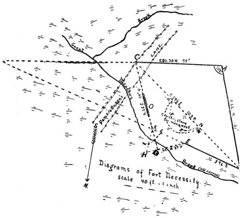The first recorded survey of Fort Necessity was made by Mr. Freeman Lewis, senior author, with Mr. James Veech, of “The Monongahela of Old,” in 1816. This survey was first reproduced in Lowdermilk’s “History of Cumberland”; it is described by Mr. Veech in “The Monongahela of Old,” and has been reproduced, as authoritative, by the authors of “Frontier Forts of Pennsylvania” published in 1895 by the State of Pennsylvania. The embankments are described thus by Mr. Veech on the basis of his collaborator’s survey: “It (Fort Necessity) was in the form of an obtuse-angled triangle of 105 degrees, having its base or hypothenuse upon the run. The line of the base was[Pg 49] about midway, sected or broken, and about two perches of it thrown across the run, connecting with the base by lines of the triangle. One line of the angle was six, the other seven perches; the base line eleven perches long, including the section thrown across the run. The lines embraced in all about fifty square perches of land on (or?) nearly one third of an acre.”
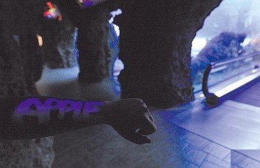 記者也用同產(chǎn)品在手臂涂“APPLE”字樣,紫光燈下果然現(xiàn)形。(圖片來自臺媒)
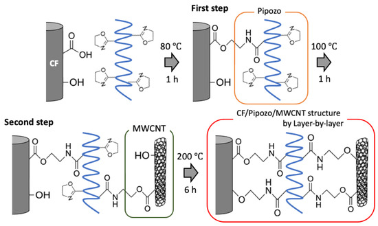 Under the present conditions, the chemical bonding for the two interfaces between CF and Pipozo, and between Pipozo and MWCNT, was only between COOH and oxazoline, i.e., without chemical reaction between phenol-OH and oxazoline, which requires a higher temperature for the reaction. To realize stronger bonding between MWCNTs and CFs through Pipozo, additional heat treatment at 200 °C for 6 h was performed to promote the reaction between phenol OH and oxazoline, between CFs and Pipozo, and between MWCNT and Pipozo. The MWCNTs were chemically grafted onto CFs through Pipozo, which is represented as CF/Pipozo/MWCNT, as illustrated in Figure 1.

--- Description of the task ---
Retyping should start at the first line of the data above and stop after the line with "記者也用同產(chǎn)品在", and no picture should be included.

--- Answer to the problem ---
The first recorded survey of Fort Necessity was made by Mr. Freeman Lewis, senior author, with Mr. James Veech, of “The Monongahela of Old,” in 1816. This survey was first reproduced in Lowdermilk’s “History of Cumberland”; it is described by Mr. Veech in “The Monongahela of Old,” and has been reproduced, as authoritative, by the authors of “Frontier Forts of Pennsylvania” published in 1895 by the State of Pennsylvania. The embankments are described thus by Mr. Veech on the basis of his collaborator’s survey: “It (Fort Necessity) was in the form of an obtuse-angled triangle of 105 degrees, having its base or hypothenuse upon the run. The line of the base was[Pg 49] about midway, sected or broken, and about two perches of it thrown across the run, connecting with the base by lines of the triangle. One line of the angle was six, the other seven perches; the base line eleven perches long, including the section thrown across the run. The lines embraced in all about fifty square perches of land on (or?) nearly one third of an acre.”
 記者也用同產(chǎn)品在手臂涂“APPLE”字樣,紫光燈下果然現(xiàn)形。(圖片來自臺媒)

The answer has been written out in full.